Trina Moyan and Lisa Nasson in Mischief.Jae Yang/Supplied
- Title: Mischief
- Written by: Lisa Nasson
- Director: Mike Payette
- Actors: Nicole Joy-Fraser, Devin MacKinnon, Trina Moyan, Lisa Nasson, Jeremy Proulx
- Company: Tarragon Theatre, Native Earth Performing Arts and Neptune Theatre
- Venue: Tarragon Theatre
- City: Toronto
- Year: Runs to Feb. 8
There’s something comforting about a convenience store – especially when it’s your convenience store, the one with the cashier who knows your favourite kind of lotto ticket, or your preferred brand of cigarette. You know where everything is – the paper towels, the candy bars with questionable expiration dates, the day-old newspapers. You recognize the bell above the front door as a kind of birdsong – an announcement of the other locals who think of the corner store as an extension of their home.
In Mischief, Lisa Nasson’s dreamy new play about grief, monuments and the pain of growing up, a convenience store isn’t just an agora for shelf-stable treats and local gossip. As in the titular shop in Ins Choi’s Kim’s Convenience, the space is a hearth, a safe place for Brooke (Nasson) and what’s left of her family – Brooke’s mother died three years ago, we learn, and these days, Brooke fills her days stocking shelves and scanning smokes alongside Uncle Chris (Jeremy Proulx) and Tammy (Trina Moyan).
But when a mysterious, celestial figure (Nicole Joy-Fraser) appears in the stock room – a sacred, blissfully customer-free respite, as any former retail or food service worker will instantly recognize – things change. Brooke has to contend with the gaping, starry hole in her life, and with the history of colonialism that refuses to remove its teeth from Halifax’s Mi’kmaq community.
It’s worth noting that all this happens inside the belly of an ancient, bony whale – a creature whose ribs, if you look closely, make up the shelves of the convenience store. (Andy Moro’s marrowy set is among Mischief’s most profound successes.)

Nicole Joy-Fraser and Lisa Nasson in Mischief.Jae Yang/Supplied
There’s plenty to admire in Mischief, from Nasson’s economical script to her clear-eyed performance as Brooke. The play, directed in its world premiere by Mike Payette, is often funny – frequently at the expense of the white people buzzing around Brooke and her family like flies, or even wasps – and, at its best, the work offers a sharp, personal exploration of heartache.
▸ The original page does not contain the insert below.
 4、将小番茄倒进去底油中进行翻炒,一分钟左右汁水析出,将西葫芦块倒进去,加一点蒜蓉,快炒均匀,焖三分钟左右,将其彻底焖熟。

Even so, Nasson’s script is sometimes overly taut, glossing over scenes and ideas that could use more space to breathe. We learn early on that the moonlit woman in the stock room is Emily, a 200-odd-year-old spirit who knew Brooke’s mother, and who understands Brooke’s amorphous pain. She mentions more than once that her head is throbbing – that her scalp feels like it’s being ripped from her head – and before long, the horrific, historical implications of that pain emerge into scorching focus.
But in the second act, Emily’s role becomes less clear. When Brooke takes the legacy of Edward Cornwallis into her own hands, suddenly, Mischief becomes a different play. While some of the first act’s nuance bubbles to the surface every so often, the play loses momentum after its fiery, pre-intermission cliffhanger. Ideas emerge, then retreat upstage, and while the play’s yo-yo pacing almost mimics the back-and-forth of grief, the end result feels a touch disjointed.
There’s also the not-small issue of Moro’s uneven projection designs, which at the end of Act One plunge the audience into a dizzying, vertigo-inducing car ride through Halifax and its surrounding trees. Initially, the forced-perspective, all-consuming video is pretty cool – how often does a stage play get to feel like a cutscene from Grand Theft Auto? – but before long, the effect grows tiresome and a bit queasy.
Elsewhere in the play, however, Moro’s projections are lovely – they conjure the stars, the ocean, the barbs of Brooke’s memories. Nasson’s writing, too, has pockets of brilliance in it, with keen observations about capitalism and its incompatibility with true reconciliation in Canada.
At present, however, Mischief feels as if it’s a draft, and perhaps a week of rehearsal, away from completion. There’s room to deepen its performances – the bruised passion of Moyan’s Tammy, the latent healing of Proulx’s Uncle Chris, the weaponized ignorance of Devin MacKinnon’s duo of white men – and to polish its pacing. As Emily, Joy-Fraser is amusing and warm, in twinkling contrast to Brooke’s calcified sharp edges, but I found myself craving more from their interactions, and particularly in the play’s finale.
But then again, what sticks with me most about Mischief is that stunning, symbolically significant whale: its multipurpose ribs, its welcoming stomach. Despite some dramaturgical blubber, Mischief offers a surprisingly hopeful future for Brooke and her community – and a complex heroine for whom whalesong serves as a mother’s lullaby.